Mayo Clinic Laboratories emphasizes the value of controlling glucose levels to prevent long-term complications such as retinopathy, neuropathy, and cardiovascular disease. However, solely measuring and monitoring blood glucose levels has some limitations as the test only measures glucose levels at the time of testing and it relies on the patient to consistently test their levels at home, using a point-of-care device. To address these limitations and provide a broader indication of long-term glycemic control, HbA1c testing is used. It is typically performed in a laboratory setting and the test indicates the patient’s average levels of blood glucose over the past 8 to 12 weeks. The NGSP, originally called the National Glycohemoglobin Standardization Program, supports the American Diabetes Association’s recommendations that patients who are meeting glycemic goals be tested for HbA1c twice a year, while patients not meeting glycemic goals or patients with changes to therapies be tested every three months.2,3 The American Diabetes Association sets a normal patient at < 5.7 percent, prediabetes patients at ≥ 5.7-6.5 percent, and diabetic patients at ≥ 6.5 percent HbA1c.4

Hemoglobin is the protein in red blood cells that transports oxygen.5 HbA1c is a form of hemoglobin that is generated by a non-enzymatic glycation pathway, following a Schiff’s base reaction and an Amadori rearrangement that occurs between glucose and the N-terminal valine of the hemoglobin beta chain.2 This glycosylation is irreversible and occurs continually over the entire 8 to 12 week life span of a given erythrocyte.3,5 This binding reaction reflects the average level of glucose that young and old red blood cells are exposed to over the course of 8 to 12 weeks. A blood sample will have a population of young-to-old red blood cells and the percent of HbA1c that is measured is a result of an average glucose level in the patient’s sample over this time period. HbA1c is an excellent analyte to monitor a patient’s glycemic control or therapeutic intervention.
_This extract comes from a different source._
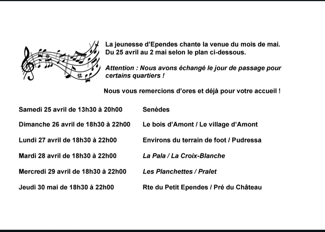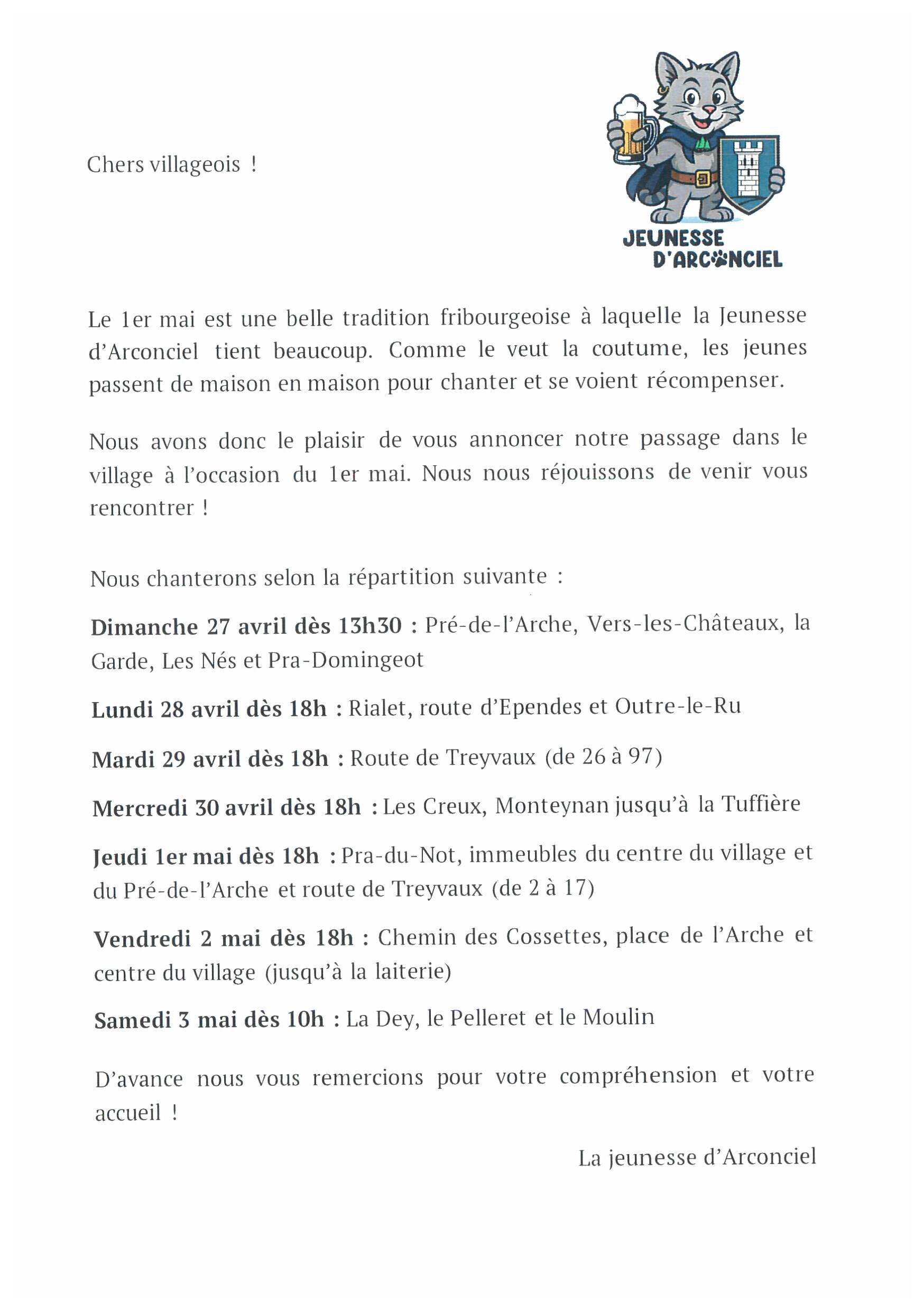Fidèle à la tradition fribourgeoise, les Sociétés de Jeunesse de nos villages ont le plaisir de vous annoncer leur passage chantant pour la venue du mois de mai.

Table 1-HbA1c Assays and Linear Ranges
*Turbidimetric, chemiluminescent and agglutination methods are antibody based assays

Methods for measuring HbA1c include high pressure liquid chromatography based (HPLC), antibody based (immunoassay), and enzyme based (enzymatic) methods. Table 1 lists, in alphabetical order, twelve of the most common HbA1c assays with their claimed reportable ranges and reaction methods. The advantages and disadvantages of each should be considered in order to choose a method that best fits the patient population for which the laboratory is reporting results.

With treatment standards being set by various governing associations across the world, it is critical that the values being reported to patients and professional caretakers be accurate. Prior to standardization, results were observed to vary ±4-8.1 percent on the same sample.5 The accuracy of commercially available HbA1c tests has been improved by the International Federation of Clinical Chemistry Working Group (IFCC-WG) on HbA1c.3 This group established reference materials and methods for HbA1c that include values assigned by mass spectrometry and capillary electrophoresis.3 A master equation was developed to demonstrate the relationship between NGSP measurements expressed as the %HbA1c of total hemoglobin and IFCC expressed in SI units (mmol/mol), where the relationship is: NGSP = (0.09148 * IFCC) + 2.152.3 The IFCC primary reference material uses a mixture of purified HbA1c and HbAo that were isolated using cation exchange and affinity chromatography and is considered the only valid standardization for HbA1c.3

Accurately reporting HbA1c levels can be further complicated by patients with other clinical conditions or high levels of hemoglobin variants that interfere with HbA1c results. For example, patients with clinical conditions that lengthen the lifespan of their red blood cells (polycythemia) can produce falsely high HbA1c results, while patients with red blood cells with shorter life spans (hemolytic anemia) may produce HbA1c values lower than actual.2,5 Patients with homozygous or double heterozygous forms of abnormal hemoglobin (CC, SS, EE, SC) have no hemoglobin A present and therefore no HbA1c can be measured in these patients.2 Table 2 is a summary from the NGSP website of potential hemoglobin variants and their effect on common methods. The NGSP criteria used to determine whether or not a method shows interference that is clinically significant is > ±7 percent at 6 percent and/or > ±7 percent at 9 percent HbA1c.3 The table shows that HbC and HbD do not interfere with the majority of the methods, with the exception of the Beckman AU and Tosoh G8 and G7. The advantage to HPLC methods (e.g. Tosoh and BioRad systems) is that the variants that can affect results will be detected in the chromatogram analysis and samples can be retested if necessary.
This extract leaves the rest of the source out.